Using this in the Taylor Series definition for x = 0:
\[f(x) = \sum_{n=0}^{\infty} \frac{e^{(0)}}{n!}(x)^n = \sum_{n=0}^{\infty} \frac{x^n}{n!}\]
First we will calculate the respective derivatives and their value at x = 0. Using Chain Rule
\(f^{(0)} = ln(1+x) \rightarrow 0\) for \(x = 0\)
\(f^{(1)} = \frac{1}{1+x} \rightarrow 1\) for \(x = 0\)
\(f^{(2)} = \frac{-1}{(1+x)^2} \rightarrow -1\) for \(x = 0\)
\(f^{(3)} = \frac{2}{(1+x)^3} \rightarrow 1\) for \(x = 0\)
With these results above, we see that further expansions have some similarities to \(\frac{1}{1-x}\) except that \(n\) will lag by 1 and that the derivative will be negative for even values of \(n\), i.e. \((-1)^{n+1}\).
\(f^{(n)} = \frac{(-1)^{n+1}(n-1)!}{(1+x)^n}\)
We can rewrite \((n-1)!\) as \(\frac{n!}{n}\) resulting in \(f^{(n)} = \frac{(-1)^{n+1}n!}{n(1+x)^n}\)

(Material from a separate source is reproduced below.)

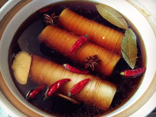 豆腐皮 3張、大料 2個、香葉 三片、生姜 三片、冰糖 十顆、食鹽 適量、老抽 一湯匙、生抽 5湯匙、干辣椒 10個、雞精 少許、棉線 一把、香油 一湯匙半

Using this in the Taylor Series definition for x = 0:
\[f(x) = \sum_{n=0}^{\infty} \frac{\frac{(-1)^{n+1}n!}{n(1+(0))^n}}{n!}(x)^n = \sum_{n=0}^{\infty} \frac{(-1)^{n+1}\space x^n}{n}\]
It is important to note that this is undefined for n = 0 using the Taylor Series approximation. The correct form should be
\[f(x) = \left\{\begin{matrix} \sum_{n=1}^{\infty} \frac{(-1)^{n+1}\space x^n}{n} & n \neq 0\\ 0 & n=0 \end{matrix}\right.\]